Quienes tantas veces criticaron la proximidad del PSOE a la izquierda bolivariana de Iglesias o su pleitesía hacia el separatismo catalán, hoy caen el mismo error. Olvidan que, en este país, es peligroso jugar con los radicales, sean éstos de una u otra calaña. Para asegurar la estabilidad del país y dedicarse a solucionar los problemas que de verdad importan, bastaría con que los tres partidos mayoritarios respetaran las reglas del juego. En el caso que nos ocupa, empezando por aceptar que, cuando no hay otra salida mejor, el ganador acaba por llevárselo todo y la abstención se convierte en la decisión más sensata. ¿O acaso es más favorable forzar pactos contra natura con populistas o separatistas? A ello están obligados quienes deseen lo mejor -o lo menos malo, según prefieran- para España y los españoles. Lo demás son cuentos.
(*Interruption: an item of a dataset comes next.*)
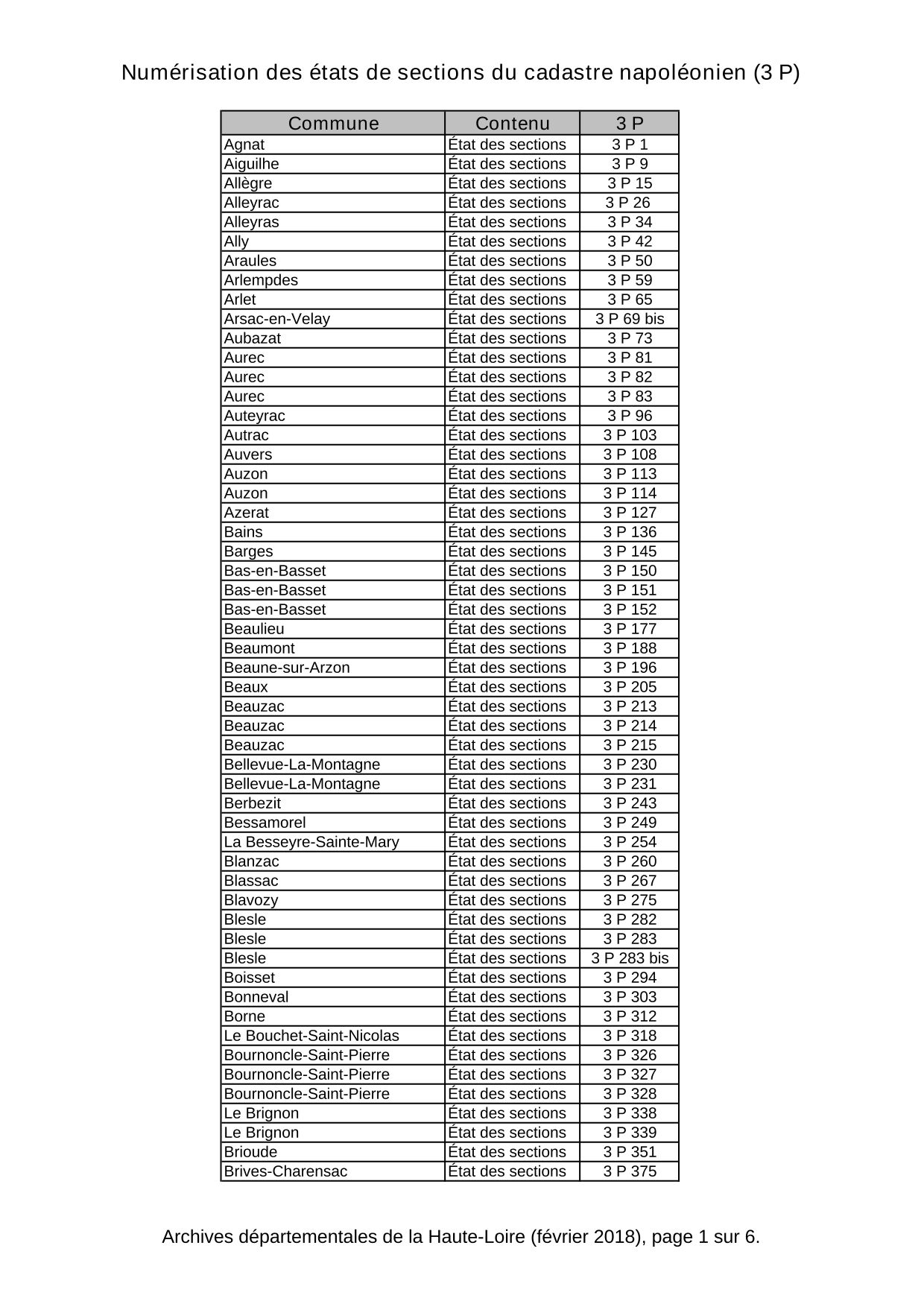 - Les registres des états de sections du cadastre napoléonien versés par les services fiscaux du département de la Haute-Loire (sous-série 3 P), sont en cours de numérisation. Ces documents qui facilitent l'accès et la lecture des plans du cadastre napoléonien, seront indisponibles à la communication en salle de lecture des Archives départementales au cours du premier semestre 2018. La numérisation de ces documents permettra à la fois de préserver les registres originaux très consultés (et qui comme le montre l'image en illustration de cette page, sont fort abîmés à force de manipulation) et de valoriser leur contenu grâce à leur mise en ligne. 330 registres concernant l'ensemble des communes du département sont concernés par cette opération de numérisation.

El futuro de este país no puede depender de una ruleta electoral, en la que cada uno sigue apostando en espera de resultados más favorables a sus intereses. Cuando las ideologías flaquean, hay que reclamar que impere el buen juicio. La postura de Pedro Sánchez, negando la entrada en el Gobierno a Podemos, es tan coherente como lo fue la decisión de Manuel Valls, ayer amado y hoy denostado por Ciudadanos. Parece más inteligente respetar al ganador, si lo que se pretende es evitar el caos que conllevaría repetir elecciones. Y, por supuesto, actuar desde la oposición, que para eso está el poder legislativo. Con reciprocidad de los socialistas, por supuesto, allí donde estos sean pieza clave, pero no primera opción de gobierno. Solventada la urgencia, cabe buscar soluciones para evitar repetir el mismo error. Aceptar coaliciones a la alemana -¿por qué no?-, otorgar un bonus extra de escaños a los ganadores -al estilo de los griegos- o, simple y llanamente, aplicar las mismas reglas de juego que en las elecciones locales, donde la falta de acuerdo se resuelve otorgando el gobierno al partido más votado. Cambiemos las leyes porque ya va siendo hora.

Así las cosas, uno recuerda aquello de que la gente tan solo «pide vivir su vida, sin más mentiras y en paz», como nos cantaba el grupo Jarcha. Si seremos complacientes que con eso nos basta. Fue el himno de la olvidada generación del 78 y, claro está, algunos ni la conocen. Lástima.